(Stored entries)

::::::

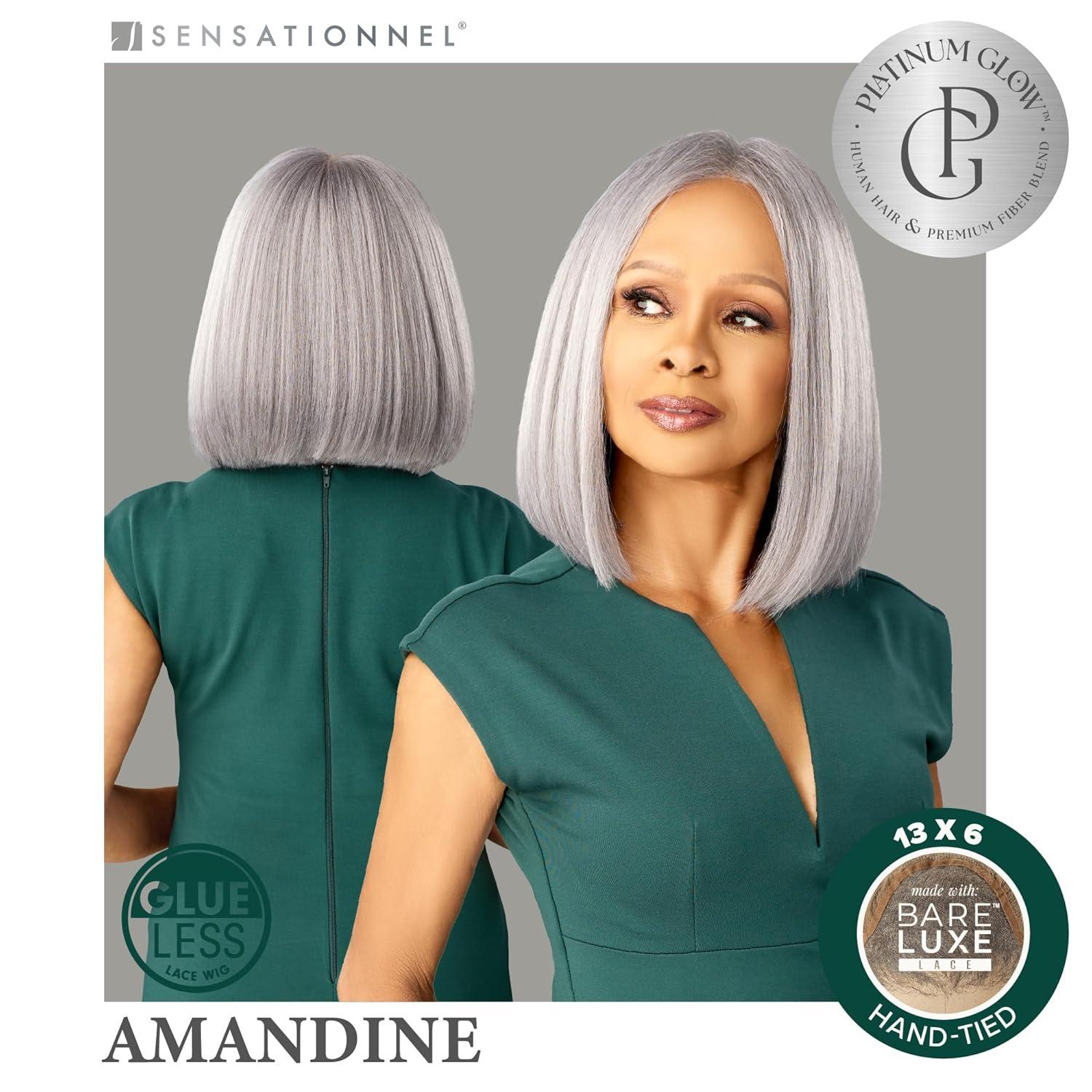 Sensationnel Platinum Glow 13X6 Wig – Amandine Lace frontal Glueless human hair blend Preplucked Hairline (1 JETBLACK)(2 DARKBROWN)
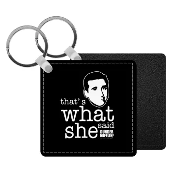 The office Michael That's what she said, Μπρελόκ Δερματίνη, τετράγωνο ΜΑΥΡΟ (5x5cm)
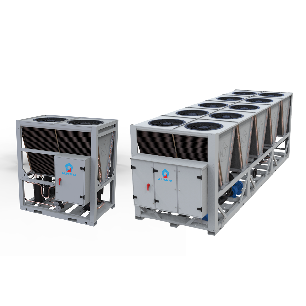 ACS inside: Alpenta Control System – Advanced control of the cooling unit via main programable microprocessor controller. Dynamic high pressure setpoint and few limitation functions maximize working efficiency on partial loads and when outside conditions are close to the working limits.
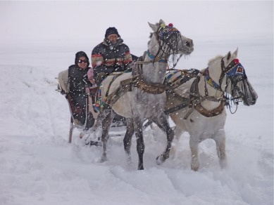Riding the ice was an extraordinary sensation. Snow had fallen on top of it and beneath that fresh snow was a layer of slush through which the horses ploughed heroically, sometimes stumbling so that the sleighs skewed to an angle. Zeki Bey was a picture of unhappiness and even I fretted over how good it could be for them – couldn’t they fall and break a leg? – but ahead of us stretched the snow and ice, never-ending, a vision of the Arctic in Turkey.
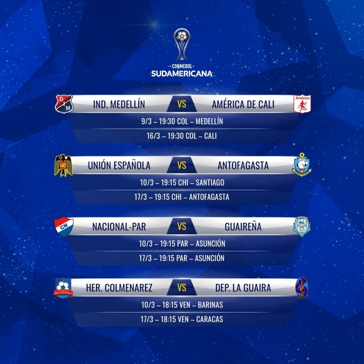 Por su parte, el duelo entre hispanos y pumas se disputará el duelo de ida el 10 de marzo a las 19:15 horas en Santiago, mientras que la vuelta en Antofagasta quedó programada para el 17 del mismo mes a la misma hora del primer duelo.
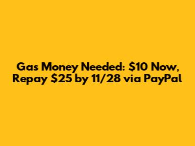 Gas Money Needed: $10 Now, Repay $25 By 11/28 Via PayPal

::::::

Give back exactly the lines from the one containing "Por su parte, el" to the final line of the entries, both included, and no picture.

OUTPUT:
 Por su parte, el duelo entre hispanos y pumas se disputará el duelo de ida el 10 de marzo a las 19:15 horas en Santiago, mientras que la vuelta en Antofagasta quedó programada para el 17 del mismo mes a la misma hora del primer duelo.
 Gas Money Needed: $10 Now, Repay $25 By 11/28 Via PayPal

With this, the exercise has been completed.